▶ **REQUIRED ACTION**
The output should be the listing below, limited to the lines from the one with "Na produktovém fotu" through the one with "Pulsera de Oro18K, su", exact and without pictures.

▶ **SOURCE RECORDS**
####

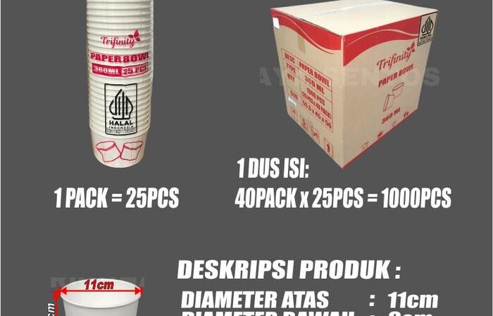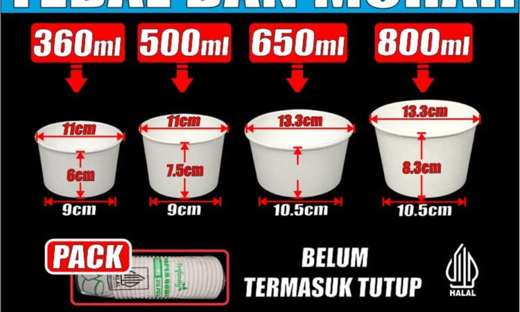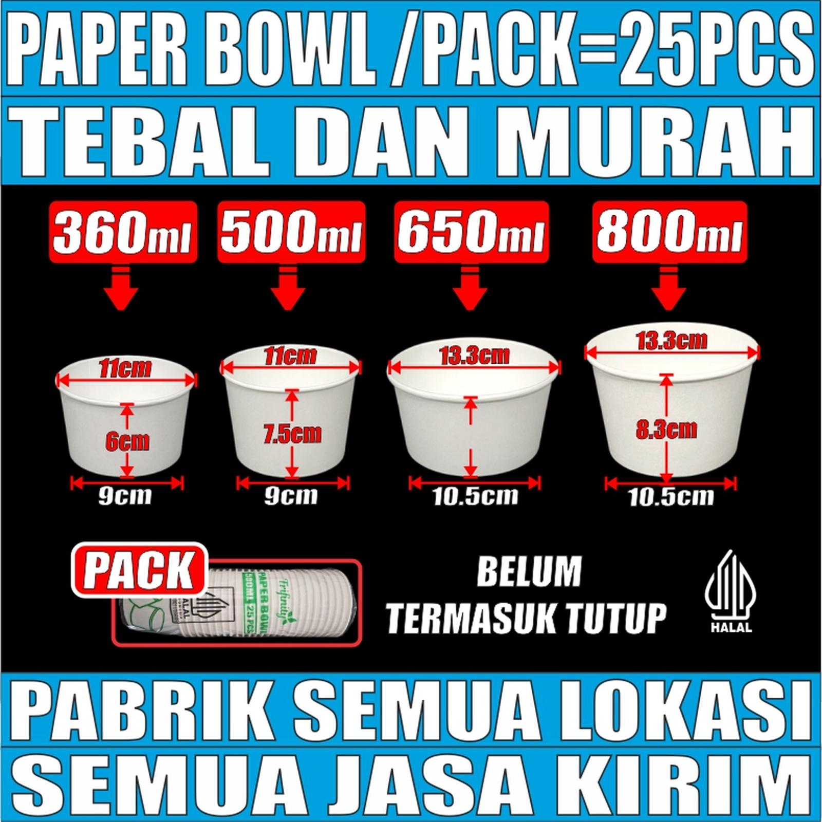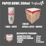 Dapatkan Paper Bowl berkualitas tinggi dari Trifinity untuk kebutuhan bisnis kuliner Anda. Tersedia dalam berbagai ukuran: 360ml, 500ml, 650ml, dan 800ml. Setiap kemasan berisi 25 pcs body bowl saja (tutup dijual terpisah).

####

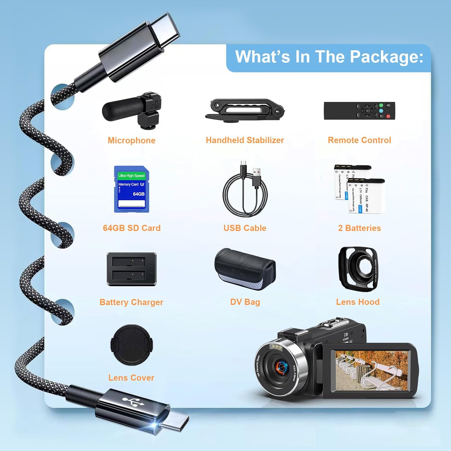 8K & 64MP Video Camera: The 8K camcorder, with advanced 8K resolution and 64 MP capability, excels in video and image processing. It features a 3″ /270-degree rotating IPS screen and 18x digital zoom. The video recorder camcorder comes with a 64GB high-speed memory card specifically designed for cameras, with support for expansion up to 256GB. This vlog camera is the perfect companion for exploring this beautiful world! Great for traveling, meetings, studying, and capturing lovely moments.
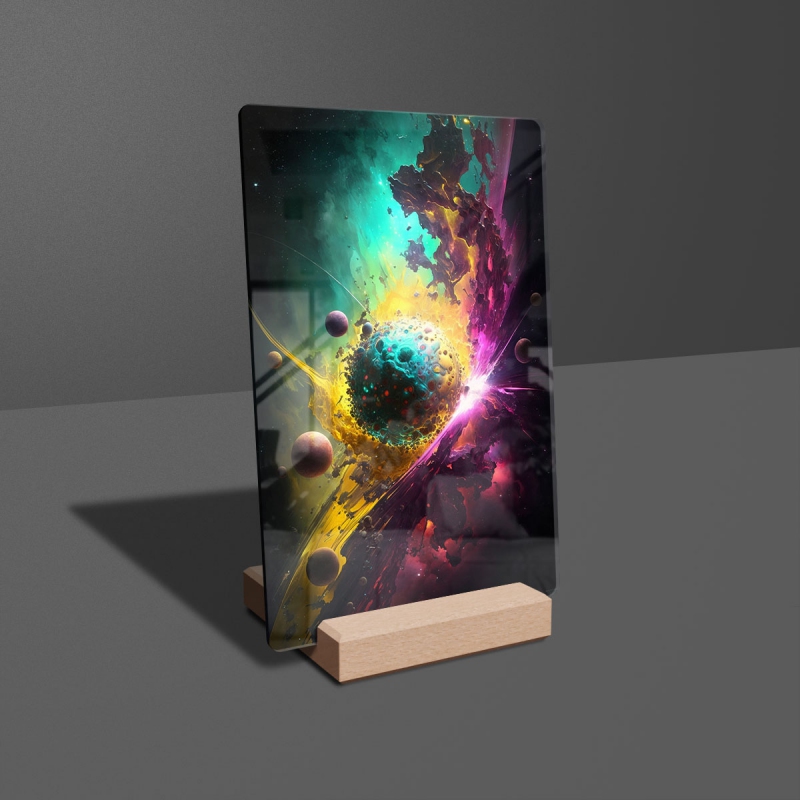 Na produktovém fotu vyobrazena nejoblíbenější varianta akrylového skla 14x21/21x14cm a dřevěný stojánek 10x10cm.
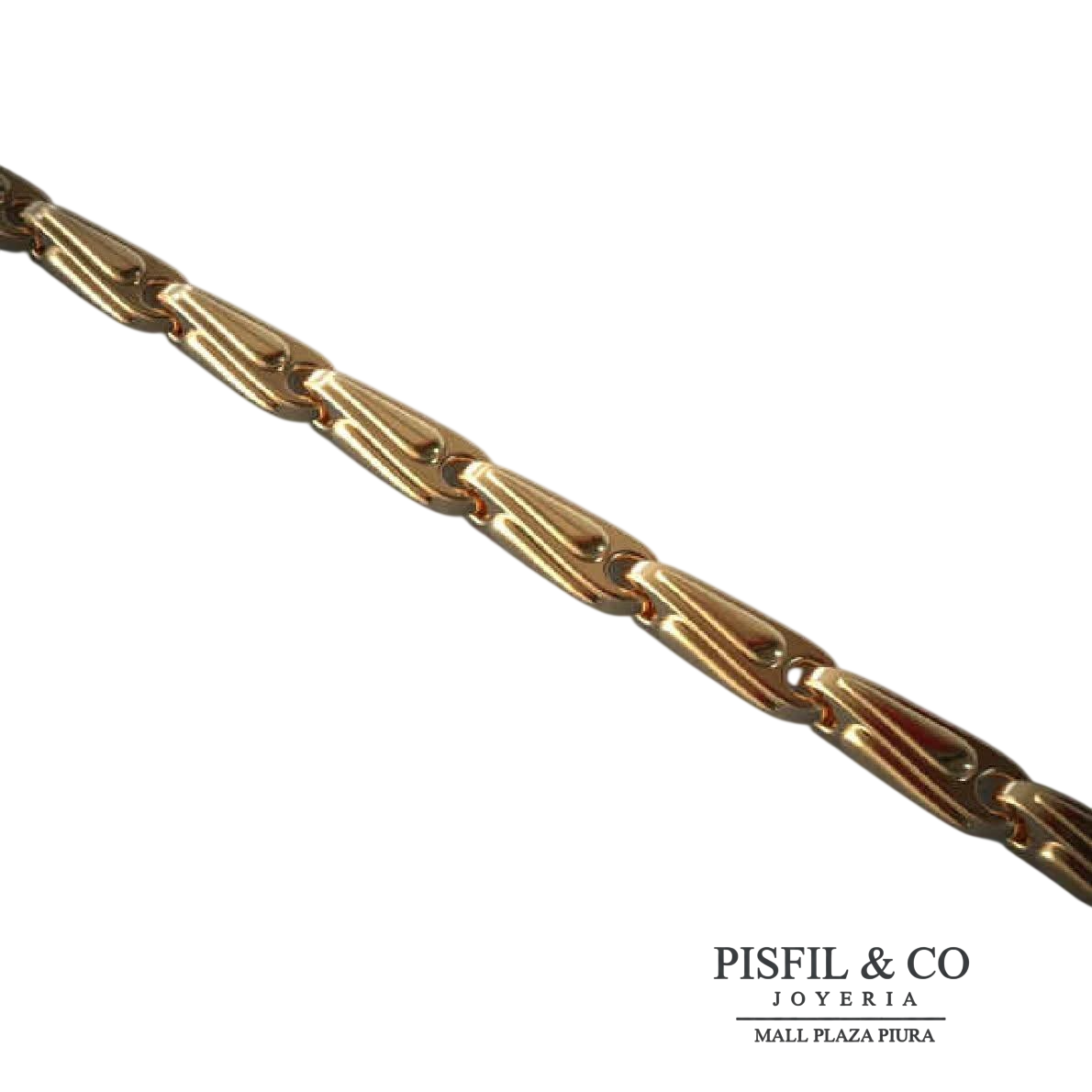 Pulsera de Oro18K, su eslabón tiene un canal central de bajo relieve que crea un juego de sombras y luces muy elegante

####

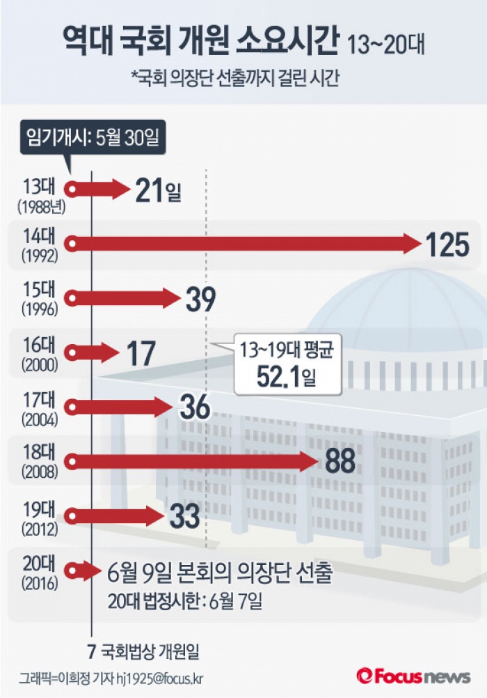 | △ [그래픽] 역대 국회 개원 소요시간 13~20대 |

####

▶ **OUTPUT OF THE TASK**
 Na produktovém fotu vyobrazena nejoblíbenější varianta akrylového skla 14x21/21x14cm a dřevěný stojánek 10x10cm.
 Pulsera de Oro18K, su eslabón tiene un canal central de bajo relieve que crea un juego de sombras y luces muy elegante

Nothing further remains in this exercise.